Die dunklen Seiten des Walchensees

Persönlich liebe ich den Walchensee als sommerliches Ausflugsidyll, das sich trotz seiner landschaftlichen Attraktivität und des regelmäßigen Ansturms der Münchner doch etwas Unverfälschtes erhalten hat. Das liegt vielleicht mit daran, dass die Anreise mit der Beschwerlichkeit verbunden ist, die Serpentinen des Kesselbergs zu überwinden, oder damit, dass das Wasser selbst im Hochsommer zu kalt und zu tief ist, um es den Badegästen allzu gemütlich zu machen.

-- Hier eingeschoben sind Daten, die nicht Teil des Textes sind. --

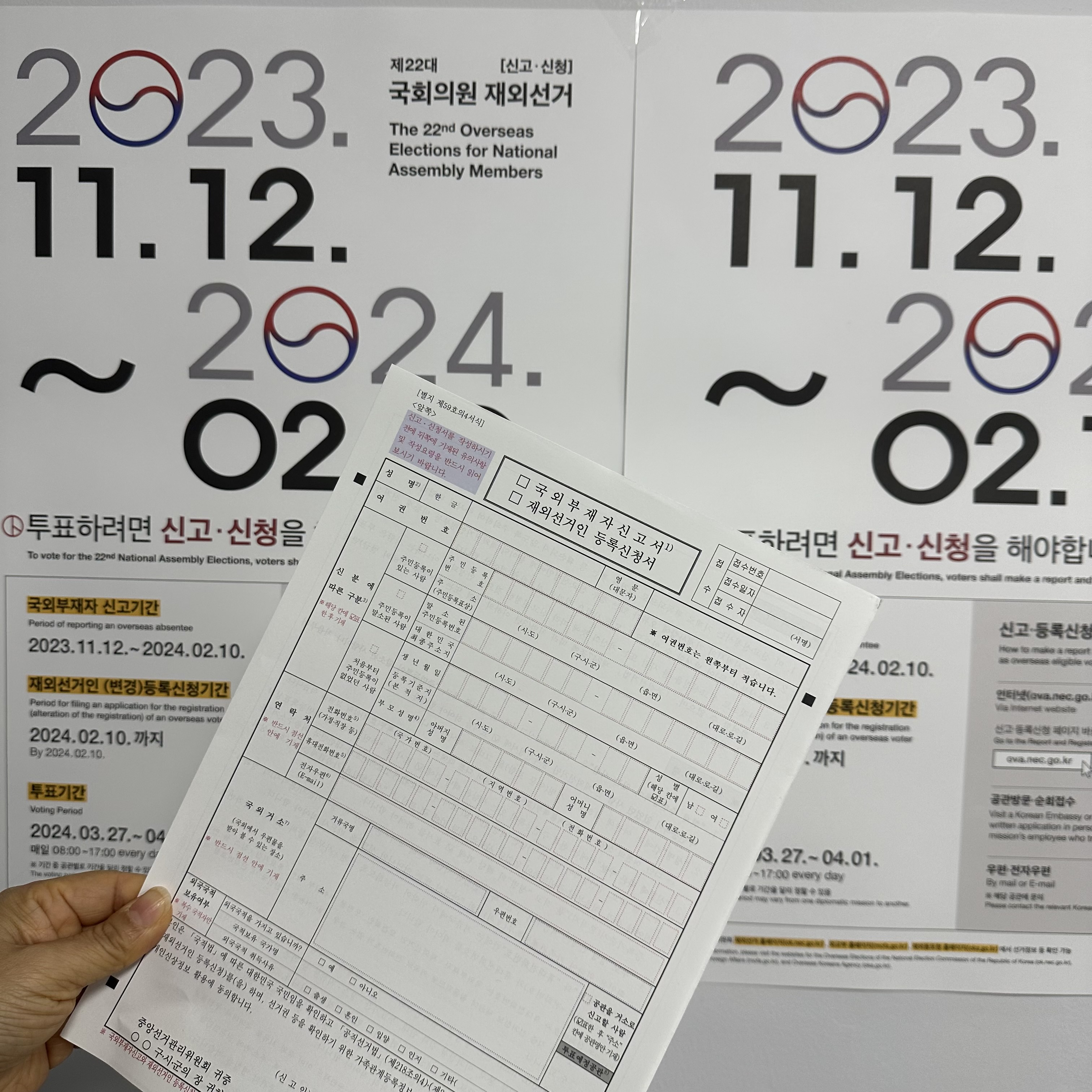 토론토 총영사관 재외선거관리위원회는 모국 제22대 국회의원 총선 재외선거의 국외부재자 신고 및 재외선거인 등록신청과 관련, 신고·신청의 편의를 제공하기 위해 11월에 이어 12월에도 GTA 지역 주요 한인마트와 교회 등에서 출장접수를 계속한다. 출장접수처를 찾아 등록할 때는 본인의 여권번호와 주민번호(생년월일)가 필요하다.

Zumindest am von mir präferierten Südufer ist auch die Infrastruktur nicht so weit entwickelt, dass man sich wie an einem touristischen Strandbad fühlt, sondern sich an Wochentagen einfach in freier Natur wähnen kann.

Über dem Walchensee in Oberbayern braut sich ein Gewitter zusammen. Foto: Andreas Steppan

Im Roman Triebwasser zeigt uns Sandra Altmann den Walchensee darüber hinaus zu Jahreszeiten, in denen seine sommerliche Schönheit ganz in den Hintergrund tritt, sondern der tiefe, von Bergen eingekesselte See endgültig etwas Mythisches, durchaus Bedrohliches, manchmal Klaustrophobisches an den Tag legt.

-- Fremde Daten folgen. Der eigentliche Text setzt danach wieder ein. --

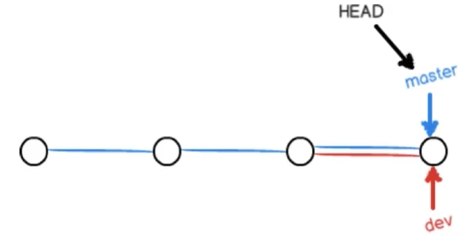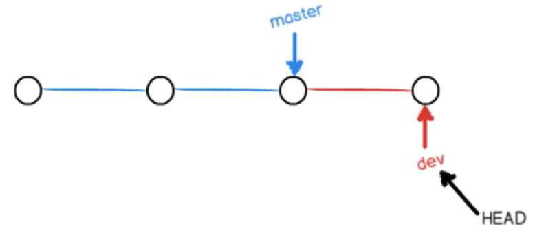 第二张图上我们可以看到创建了dev的分支,当我们切换到dev分支的时候HEAD就会指向dev

Die Handlung, die von Ende 1918 bis Anfang 1920 spielt, siedelt sie im fiktiven Weiler Desselgrub an. Der Name ist angelehnt an den real-geografischen Gipfel Desselkopf und die von dort in Richtung See führende steile Bergflanke Desselgraben. Die drei Gehöfte, die Desselgrub bilden, erinnern an die Anwesen auf der Halbinsel Zwergern am Walchensee. Inspiration dafür holte sich Altmann zudem in Bauernhäusern, die im Freilichtmuseum Glentleiten im nahe gelegenen Großweil wiederaufgebaut sind.

Einzug der Moderne in Oberbayern

Drei jeweils auf eigene Art versehrte Familien bewohnen Desselgrub und erleben den Einzug der Moderne durch den Bau des Walchenseekraftwerks auf unterschiedliche Art. Da ist etwa die selbstbewusste, kluge Geschäftsfrau Irmi. Früh verwitwet, führt sie nun ein unabhängiges Leben als Waldbäuerin und profitiert davon, dass ihr die Kraftwerksbauer für die Stollen viel Holz zu einem guten Preis abnehmen. Männliche Unterstützung hat sie von ihrem Schwager Johann, der in einem Schuppen am Hof untergebracht ist.

Ebenfalls verwitwet ist der Bewohner des benachbarten Hofs, Veitl, dessen Frau in jungen Jahren einer Lungenkrankheit erlegen ist. Nun muss er sich allein um drei Kinder und den alten Vater kümmern. Im Krieg hat er zudem ein Bein verloren, sodass er seinen Beruf als Fischer nicht mehr ausüben kann und notgedrungen auf das Transportgewerbe ausgewichen ist. Auch für ihn sind die Bauherren des Kraftwerks ein lukrativer Auftraggeber, gilt es doch, Sprengstoffladungen vom Kochler Bahnhof zum Kesselberg zu schaffen. Veitl kommt auf die unglückselige Idee, ein paar Dynamitstangen für sich selbst abzuzweigen, um in Eigenregie die engen Kurven seiner Zufahrtswege zu verbreitern.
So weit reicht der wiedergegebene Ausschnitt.